* _PROBLEM TO SOLVE_: Only the lines below from the one with "Set 3 Adornos" through the one with "打开 控制面板 > 程序和功能 > 启用或关闭 Windows 功能。" are to be written out, exactly and without any images.

* _SOURCE MATERIAL_:
**********

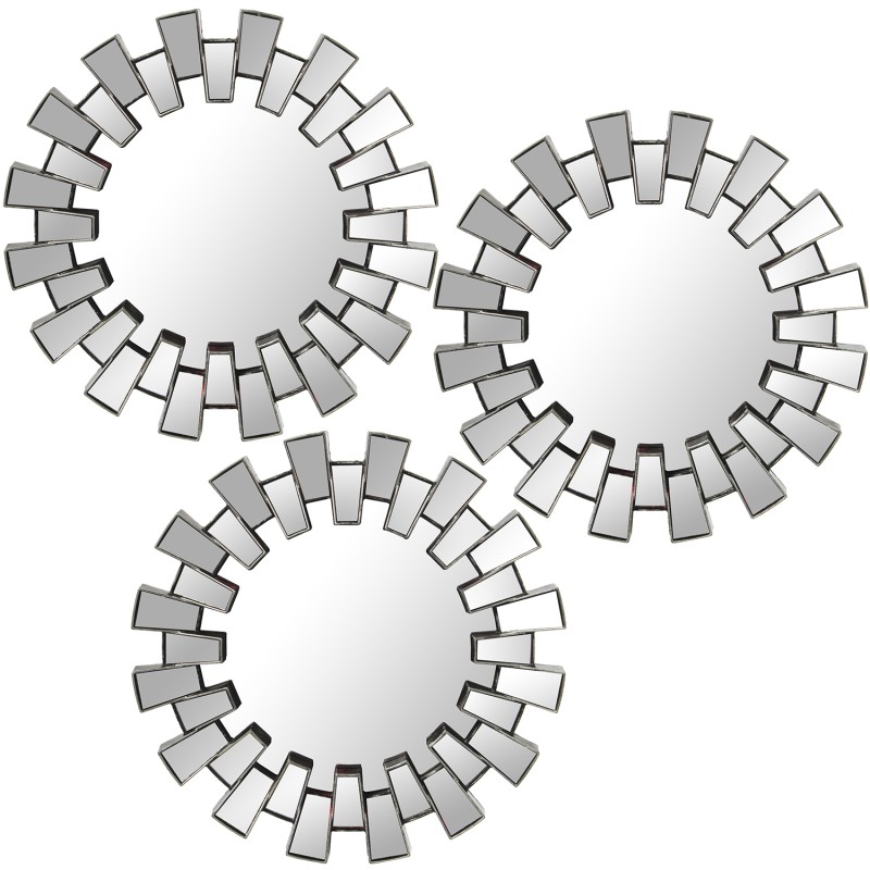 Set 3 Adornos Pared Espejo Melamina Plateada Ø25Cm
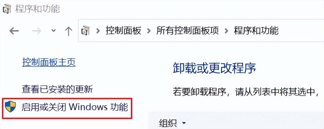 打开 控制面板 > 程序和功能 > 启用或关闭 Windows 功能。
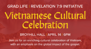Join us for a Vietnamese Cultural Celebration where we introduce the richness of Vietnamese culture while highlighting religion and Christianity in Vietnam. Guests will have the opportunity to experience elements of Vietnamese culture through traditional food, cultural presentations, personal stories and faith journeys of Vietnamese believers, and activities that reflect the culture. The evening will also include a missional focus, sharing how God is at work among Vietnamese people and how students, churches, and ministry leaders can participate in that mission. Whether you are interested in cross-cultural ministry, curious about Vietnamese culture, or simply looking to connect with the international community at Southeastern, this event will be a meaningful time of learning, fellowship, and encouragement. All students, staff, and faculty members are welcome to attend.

**********

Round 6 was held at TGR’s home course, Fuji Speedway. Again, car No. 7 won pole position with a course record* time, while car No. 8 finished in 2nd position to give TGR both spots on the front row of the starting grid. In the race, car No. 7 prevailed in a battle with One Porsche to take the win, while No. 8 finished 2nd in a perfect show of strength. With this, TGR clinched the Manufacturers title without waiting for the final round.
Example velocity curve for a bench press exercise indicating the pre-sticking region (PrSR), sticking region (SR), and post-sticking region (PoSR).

**********

* _ANSWER FOR THE TASK_:
 Set 3 Adornos Pared Espejo Melamina Plateada Ø25Cm
 打开 控制面板 > 程序和功能 > 启用或关闭 Windows 功能。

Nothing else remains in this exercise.